You can imagine him moving into and out of the light from his window. He was in the middle of lecturing to no one in particular, speaking in a low voice and then a louder one, as in a dialogue; something about Dante’s circles of hell, and he had on an academic gown, you know the kind, lined with ermine, even though the day was fairly warm, and he turned to you midsentence, having invited you into his room without addressing you until now, and said that if all punishment matched the guilt…and since he had no appetite for life until now, having been brought to the ultimate stage of man’s weariness, Weltschmerz…then what was he guilty of if not of a kind of original sin…why had he been persecuted thus? Fabiana turned on her heels, believing from what he said that she had suddenly been scorned as a temptress, sent to torment him as some college prank, but he placed his fingers lightly on her arm and detained her. She had brought him a present: a notebook with squared paper.
You can imagine him moving back into the darkness of his shelves, where sat ancient volumes in their uniform of dull gold lettering. That was when she fell in love with him, something so deep, beyond obsession. Several meetings later, Fabiana sat on his bed and told him about her marriage: how she had been seduced by a man who owned property; how she needed security and money; that she was on the verge of having to sell her grandmother’s art collection. Roger was a tradesman, a parquetier, and he paid off her debts, gave her a gold credit card linked to his account for her birthday, bought her a small apartment and a baby grand piano beside a bay window. Nothing could have been more ideal, when she entered the front drive on the weekends, the car loaded with dresses and ornaments, the air smelling of moist hay, to know that he was out in the paddocks on his tractor, all the home fires alight for her. A double life. There was companionship but no love. It’s how we waste others. We do not know the moment when love turns to hatred under such benign circumstances. We do not know the moment because we have taken on the original sin of choosing life above fidelity, which inevitably involves suffering. He knew she was having an affair. He spent more time on his tractor. Until he couldn’t anymore. He stormed in one day when she was on the phone. You’re just an old cunt! he shouted. She ate blood oranges all night, simpering in the spare room while her skin glowed. In front of her mirror she asked what it was that must have disgusted him.
Some music, she said, saddened you immeasurably, and she was saddened for no good reason, and the yearning did not cease and she returned to her music, just to sample the sorrow. There was no music in Roger, Fabiana said, and she had never quite realised what a gap this would be, a lack which was, as she put it, in the composition of blood. And this was an indication that she was on the right track, that this incompatibility would become an attrition of their relationship and that she would have to leave him sooner or later. He drove his tractor; ploughed further afield. He could not express himself in any other way.

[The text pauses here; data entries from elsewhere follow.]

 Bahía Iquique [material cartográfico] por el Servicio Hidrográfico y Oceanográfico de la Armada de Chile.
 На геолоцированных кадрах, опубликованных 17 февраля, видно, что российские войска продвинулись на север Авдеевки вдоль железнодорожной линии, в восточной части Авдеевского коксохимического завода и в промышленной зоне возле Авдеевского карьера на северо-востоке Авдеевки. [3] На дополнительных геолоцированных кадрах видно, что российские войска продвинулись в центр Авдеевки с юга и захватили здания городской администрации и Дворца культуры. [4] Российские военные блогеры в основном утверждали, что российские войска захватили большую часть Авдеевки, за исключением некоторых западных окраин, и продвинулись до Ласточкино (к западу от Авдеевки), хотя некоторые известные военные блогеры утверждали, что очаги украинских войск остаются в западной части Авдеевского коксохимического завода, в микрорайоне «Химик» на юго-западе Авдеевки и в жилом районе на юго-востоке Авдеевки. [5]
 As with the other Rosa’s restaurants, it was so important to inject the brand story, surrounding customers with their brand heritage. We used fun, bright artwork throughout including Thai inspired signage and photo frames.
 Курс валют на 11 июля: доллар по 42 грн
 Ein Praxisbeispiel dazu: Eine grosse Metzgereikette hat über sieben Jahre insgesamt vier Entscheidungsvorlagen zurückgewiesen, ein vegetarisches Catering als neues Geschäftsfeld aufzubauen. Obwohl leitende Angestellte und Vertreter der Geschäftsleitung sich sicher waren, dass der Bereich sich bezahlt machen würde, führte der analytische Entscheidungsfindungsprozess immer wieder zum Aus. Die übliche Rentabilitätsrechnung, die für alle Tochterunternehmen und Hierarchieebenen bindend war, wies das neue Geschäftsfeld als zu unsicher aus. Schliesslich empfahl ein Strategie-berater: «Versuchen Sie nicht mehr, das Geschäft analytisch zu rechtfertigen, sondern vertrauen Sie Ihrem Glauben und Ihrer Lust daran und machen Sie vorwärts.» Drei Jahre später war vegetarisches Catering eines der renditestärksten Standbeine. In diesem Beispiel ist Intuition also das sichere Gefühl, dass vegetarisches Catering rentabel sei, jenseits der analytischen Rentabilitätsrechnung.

When he went out to fight the fire on the property at Putty, she left for Sydney, frightened of him, she said, whose generosity was matched by equally selfish and violent expectations of wifely duties. She was through, she exclaimed to Walter Gottlieb, with home duties. It was at this point that Gottlieb placed his hand upon her silken knee. You are very lonely and lovely my child, he said, and then with a Tennysonian flourish, added: ‘more beautiful than day’ and he began to stroke her hair, which was fine, like goose down. Her face was half in darkness when she told him they had never found Roger’s body. The fire had exploded in the pine forest where he had towed the trailer with the large watertank on board. They found the truck overturned and charred, but there was no evidence of any human remains. Then she told Walter Gottlieb something that he would carry to his grave.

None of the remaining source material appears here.